It’s been almost two years now since he died, but his loss still brings me to tears more often than I will admit to my husband. In fact, the real root of many of my emotional breakdowns is a sudden intense missing of the man who had been my best friend for over ten years. All of this makes me feel like true love never dies.
Although it was love at first sight for him, it took me several months of us spending a significant amount of time together for me to agree to date him. He was more than just a nice guy. He was sweet, compassionate, generous, and quickly became friends with everybody he met.
I can’t say how often we went somewhere and he ran into someone he knew. Everybody who knew him loved him and considered him a friend. It made me feel honored and special that he could have spent his time with anyone in the world, but he chose to spend it with me.
No matter what I did, he was my biggest fan. He had a child-like fascination with life and often was amazed and blown away by even the simplest things. At the time, I was writing a novel (by hand in a notebook, believe it or not!), and he spent countless hours listening in awe as I described the events of the story.
We dated for eight months, during which he fell madly in love with me and during which I came to love him like a brother and a good friend. To this day, I wonder if he had been right about me merely having been in a phase of not feeling romantic love.
Maybe if I had stuck it out, I would have been just as in love with him as he was with me. Perhaps we would have even gotten married and had kids, and maybe he wouldn’t have died as young as he did because I would have been there to take care of him when he stubbornly refused to take care of himself.
Maybe it’s those lingering “what if” questions that make me miss him the most when life isn’t going as entirely as I would like.
After our breakup, it took a few years, but we eventually were able to establish a deep friendship. We talked nearly every day, and I could talk to him about anything. Even late at night, I knew if I had an emotional crisis, he would be there to talk me through it.

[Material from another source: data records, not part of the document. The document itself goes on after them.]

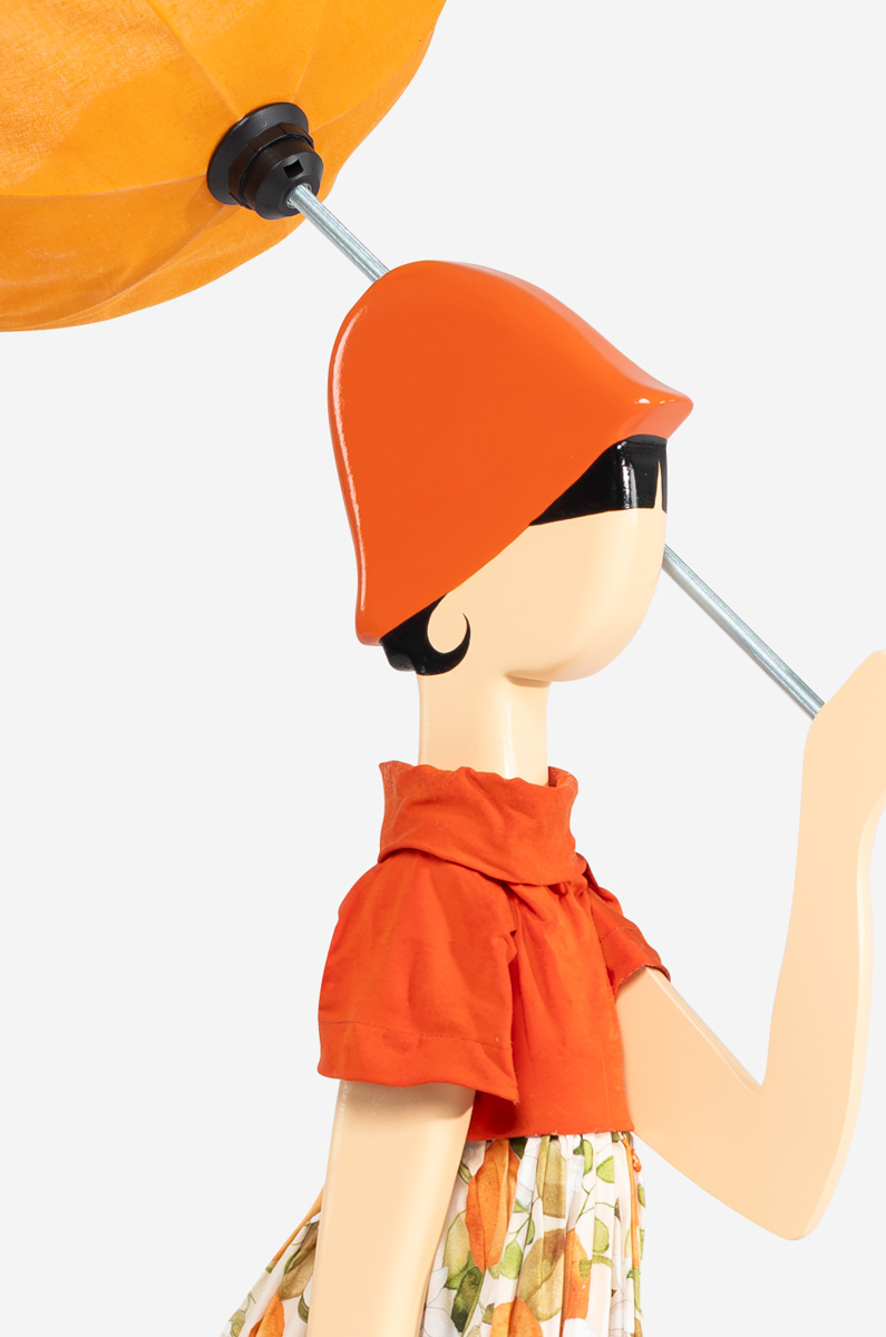 Diese Lampe von Skitso zeichnet sich durch das ungewöhnliche Design aus. Eine Frau mit Schirm und Rock wird vom Winde verweht.
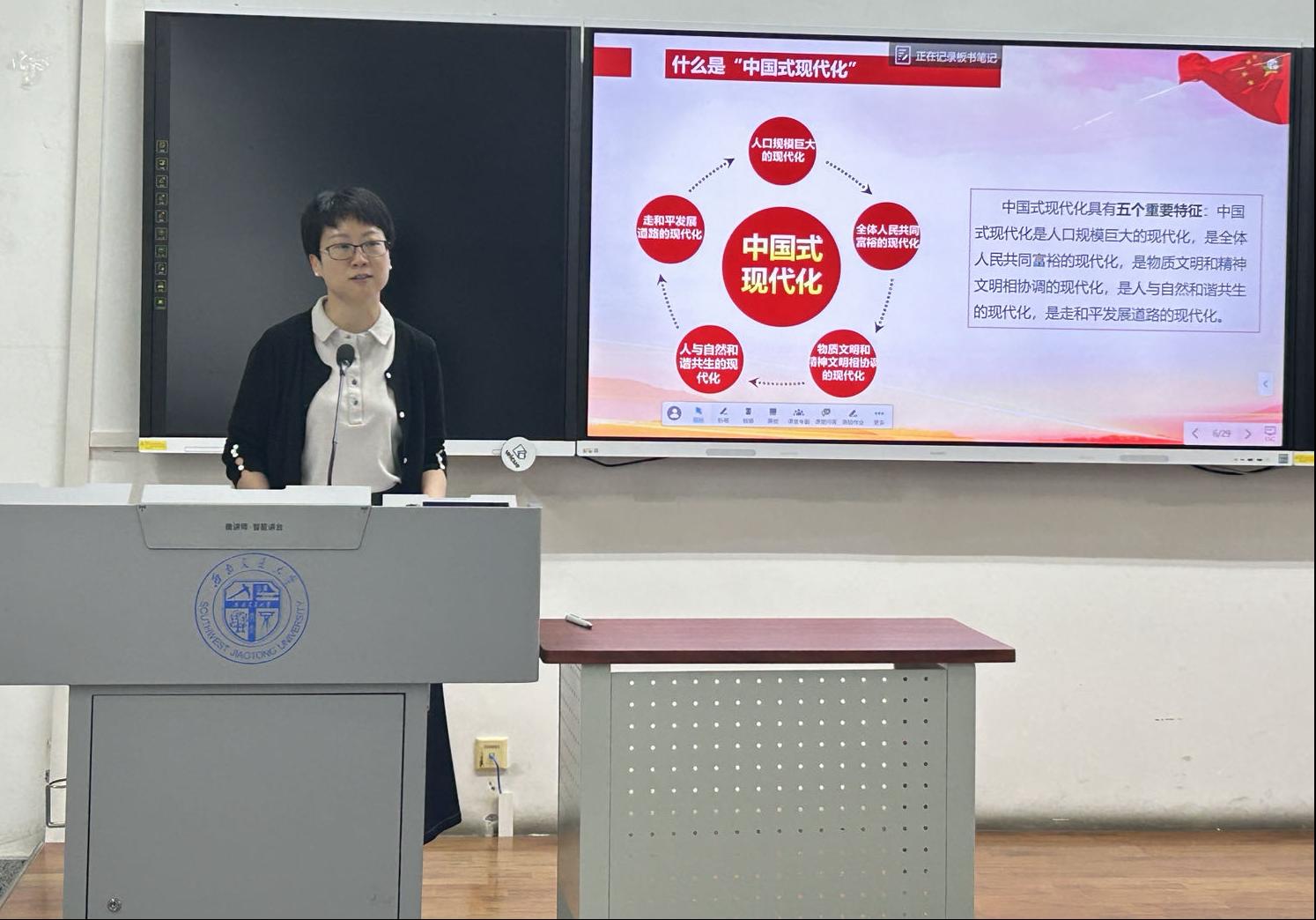为积极深入学习贯彻党的二十大精神,深化党员的思想意识,太阳成集团tyc7111cc美术系教工党支部、本科城乡规划党支部于2023年6月15日在八号教学楼X8321联合组织开展了“聚焦学习中国式现代化”公司党委委员进支部讲党课活动。
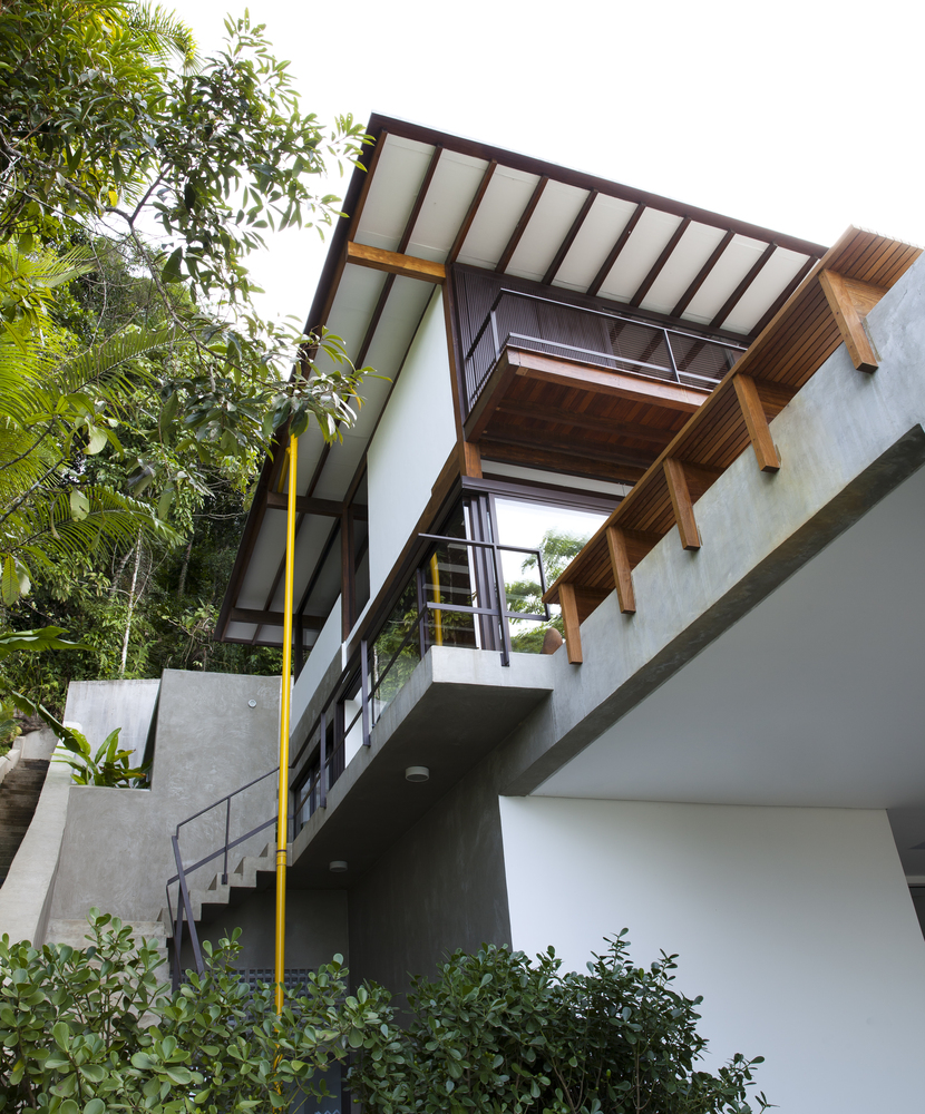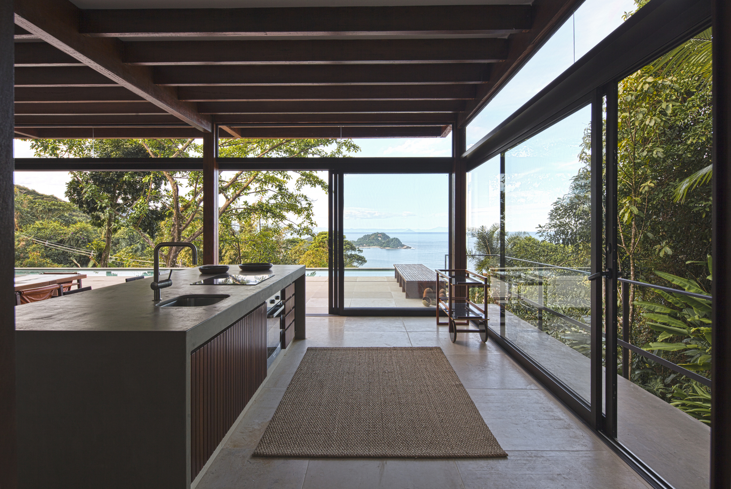 La maison Tijucopava est située dans une réserve de forêt atlantique sur la côte de l’État de São Paulo, elle fait face à une mer et un paysage époustouflant qui l’entoure.
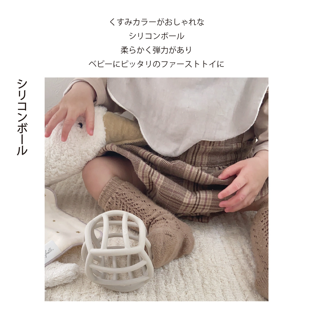 シリコン素材のベビーボール優しいくすみカラーと、ボール型のデザインで、ベビーば持っているだけでかわいい。
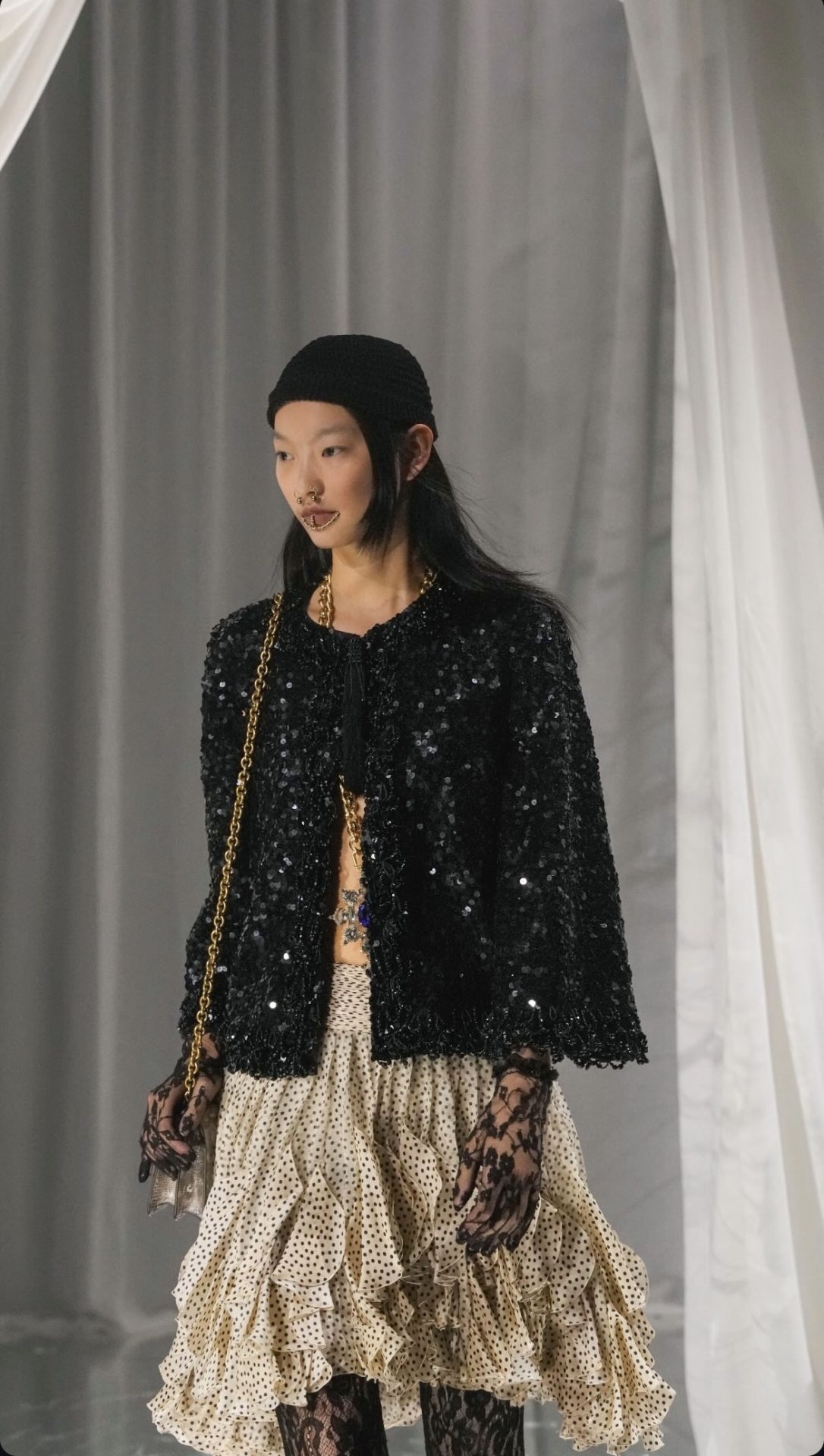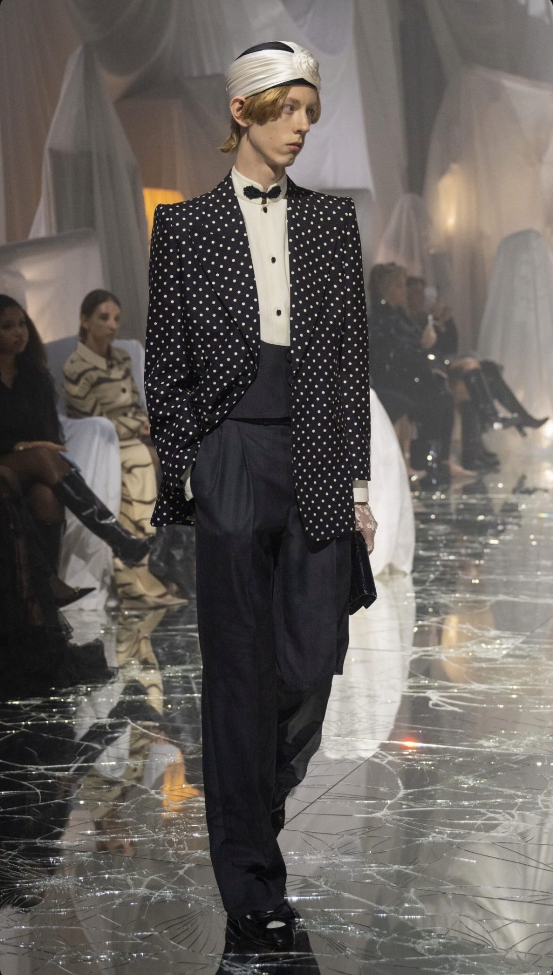 Con il debutto della collezione Resort, che conta 171 pezzi, ieri sono stati presentati 85 di questi affascinanti look in passerella. L’atmosfera era misteriosa, strana e bella allo stesso tempo: mobili coperti da lenzuola semitrasparenti, modelle che camminavano su un pavimento di vetro incrinato e, in sottofondo, una melodia ipnotica che si ripeteva senza sosta mentre una voce in varie lingue sussurrava: “la vita è un sogno”. Sotto il nome *Pavillon des Folies* (Il padiglione delle follie), la collezione ha proposto abiti adornati con archi, capi di paillettes e stole di pelliccia, giacche da smoking, abiti con infiniti volant e mantelli, calze di pizzo e pezzi ricamati con cristalli.
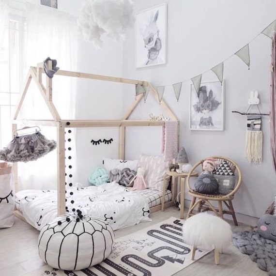 Toddler Bed House Bed Pine Wood Wooden Bed Montessori Bed
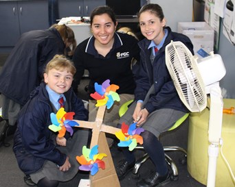 Ten mentors from the Centre have helped the Year 5 students to design and create projects including redesigning wind turbines, investigating water wheels and cooking with solar power.
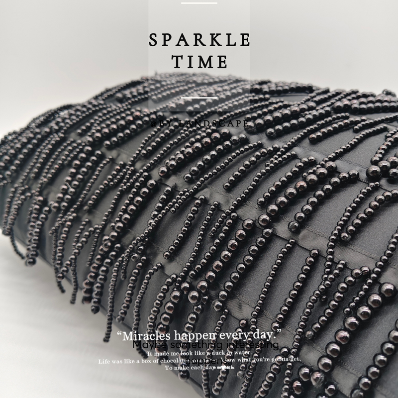 (总)澜屿 2026新款珍珠镶钻抱枕装饰枕腰枕枕芯-半璇,半璇白,半璇黑

A couple of years ago, I was a missionary, working at a school thousands of miles from my hometown. I attended a conference, and one of the things they talked about who was in your support network. I had four in mine: my mom, my cousin, my boyfriend, and my best guy friend. They were the four walls of my safe place, and they were all I needed.
Feeling appreciative of my best guy friend who had been there for so much of my life and continued to support me through everything, I sent him a message and not only thanked him for being my friend but reminded him that I loved him.
The next weekend I texted him just to talk and didn’t hear back from him for over 24 hours. It was unusual, but I didn’t overthink it. Then I got a call from my cousin and found out he had died the previous night. He wasn’t using his breathing machine at night and had just stopped breathing.
I felt my world come crashing down around me as one of the walls had been violently torn away without warning. I didn’t know how to cope with such a loss, and I still don’t. The true love i have for him never dies or gets old.
It took almost a year to get to the point of being able to think about him and talk about him without feeling tightness in my throat and prickling in my eyes. Well, most of the time. Even now as I relive these events, my vision is blurred with tears, and I hope nobody comes in to find me crying in front of my computer screen.
True love is one that lasts for years and never dies, whether it’s romantic or platonic. And it never really dies. It’s something you carry with you for your entire life. And that’s not a bad thing. He inspired me and encouraged me more than anyone else in my life, and I want nothing more than to be the person that he thought I was.